Fedora, x86_64, gcc 7.2.1-2, userspace-rcu 0.10.0, netsniff-ng 0.6.3.

(gdb) bt
#0  0x000055555555b3a9 in collector_refresh_procs () at flowtop.c:1666
#1  collector (null=<optimized out>) at flowtop.c:1858
#2  0x00007ffff734336d in start_thread (arg=0x7ffff34ca700) at pthread_create.c:456
#3  0x00007ffff6c2ee1f in clone () at ../sysdeps/unix/sysv/linux/x86_64/clone.S:97
(gdb) frame
#0  0x000055555555b3a9 in collector_refresh_procs () at flowtop.c:1666
1666                            p->rate_bytes_src += n->rate_bytes_src;
(gdb) p *p
$2 = {entry = {next = 0x7fffec006b90, prev = 0x555555768130 <proc_list>}, flows = {next = 0x7fffec014e80, prev = 0x7fffec0010a0}, rcu = {next = {
      next = 0x0}, func = 0x0}, last_update = {tv_sec = 1511884338, tv_usec = 867334}, pid = 3959, name = "ssh", '\000' <repeats 252 times>, 
  pkts_src = 9194, bytes_src = 658954, pkts_dst = 16054, bytes_dst = 4086234, rate_bytes_src = 7.2928881719315876e-304, 
  rate_bytes_dst = 1.6304166312761136e-322, rate_pkts_src = 6.9533392299152175e-310, rate_pkts_dst = 6.9533392297488162e-310, flows_count = 2}
(gdb) p n
$3 = (struct flow_entry *) 0x0
@Safari77
Copy link
Author

==2857==ERROR: AddressSanitizer: heap-use-after-free on address 0x61a000013888 at pc 0x000000406045 bp 0x7fee84ea00d0 sp 0x7fee84ea00c0
WRITE of size 8 at 0x61a000013888 thread T1
    #0 0x406044 in cds_list_add /usr/include/urcu/list.h:53
    #1 0x407d49 in flow_entry_find_process /usr/src/redhat/BUILD/netsniff-ng-0.6.3/flowtop.c:555
    #2 0x409e60 in flow_entry_get_extended /usr/src/redhat/BUILD/netsniff-ng-0.6.3/flowtop.c:834
    #3 0x407271 in flow_list_new_entry /usr/src/redhat/BUILD/netsniff-ng-0.6.3/flowtop.c:442
    #4 0x40f65a in flow_dump_cb /usr/src/redhat/BUILD/netsniff-ng-0.6.3/flowtop.c:1786
    #5 0x7fee8c9e031a in __callback (/lib64/libnetfilter_conntrack.so.3+0x631a)
    #6 0x7fee8aa7ef5d  (/lib64/libnfnetlink.so.0+0x2f5d)
    #7 0x7fee8aa7f702 in nfnl_process (/lib64/libnfnetlink.so.0+0x3702)
    #8 0x7fee8aa7fa6b in nfnl_catch (/lib64/libnfnetlink.so.0+0x3a6b)
    #9 0x7fee8c9e116b in nfct_query (/lib64/libnetfilter_conntrack.so.3+0x716b)
    #10 0x40f883 in collector_dump_flows /usr/src/redhat/BUILD/netsniff-ng-0.6.3/flowtop.c:1804
    #11 0x40fc3d in collector /usr/src/redhat/BUILD/netsniff-ng-0.6.3/flowtop.c:1855
    #12 0x7fee8c36e36c in start_thread (/lib64/libpthread.so.0+0x736c)
    #13 0x7fee8bc59e1e in __GI___clone (/lib64/libc.so.6+0x110e1e)

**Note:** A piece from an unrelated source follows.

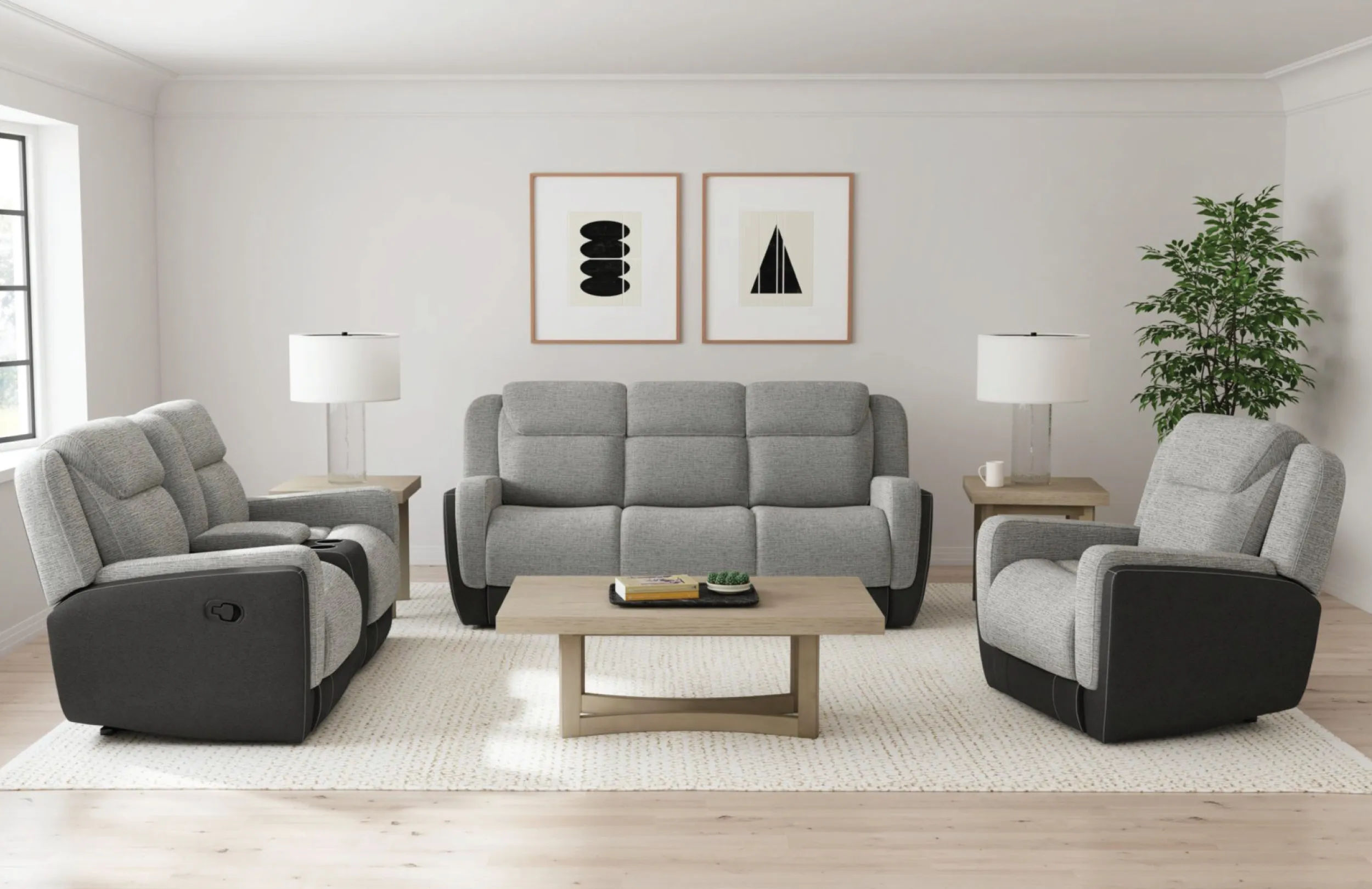 Add a perfectly neutral touch to your home with the Hornet glider recliner. Made with two-tone fabric upholstery, the light and dark gray color scheme works together to enhance your style. The contemporary design makes this the ultimate piece for any living space while the plush comfort of the seats, backrests, and armrests make it so you'll always stay relaxed. To enhance your relaxation even more you can use the easy-to-use pull-tab located on the side to kick your feet up.

0x61a000013888 is located 8 bytes inside of 1264-byte region [0x61a000013880,0x61a000013d70)
freed by thread T2 here:
    #0 0x7fee8cedf4b8 in __interceptor_free (/lib64/libasan.so.4+0xde4b8)
    #1 0x406a2a in __xfree /usr/src/redhat/BUILD/netsniff-ng-0.6.3/xmalloc.h:25
    #2 0x4070ca in flow_entry_xfree /usr/src/redhat/BUILD/netsniff-ng-0.6.3/flowtop.c:403
    #3 0x407101 in flow_entry_xfree_rcu /usr/src/redhat/BUILD/netsniff-ng-0.6.3/flowtop.c:410
    #4 0x7fee8cbfc45e in call_rcu_thread /home/rpmbuild/rpmbuild/BUILD/userspace-rcu-0.10.0/src/urcu-call-rcu-impl.h:371

previously allocated by thread T1 here:
    #0 0x7fee8cedf850 in malloc (/lib64/libasan.so.4+0xde850)
    #1 0x41c5ad in xmalloc /usr/src/redhat/BUILD/netsniff-ng-0.6.3/xmalloc.c:31
    #2 0x41c690 in xzmalloc /usr/src/redhat/BUILD/netsniff-ng-0.6.3/xmalloc.c:56
    #3 0x407066 in flow_entry_xalloc /usr/src/redhat/BUILD/netsniff-ng-0.6.3/flowtop.c:395
    #4 0x40720c in flow_list_new_entry /usr/src/redhat/BUILD/netsniff-ng-0.6.3/flowtop.c:436
    #5 0x40f65a in flow_dump_cb /usr/src/redhat/BUILD/netsniff-ng-0.6.3/flowtop.c:1786
    #6 0x7fee8c9e031a in __callback (/lib64/libnetfilter_conntrack.so.3+0x631a)
Thread T1 created by T0 here:
    #0 0x7fee8ce38a2f in pthread_create (/lib64/libasan.so.4+0x37a2f)
    #1 0x4100dd in main /usr/src/redhat/BUILD/netsniff-ng-0.6.3/flowtop.c:1967
    #2 0x7fee8bb69889 in __libc_start_main (/lib64/libc.so.6+0x20889)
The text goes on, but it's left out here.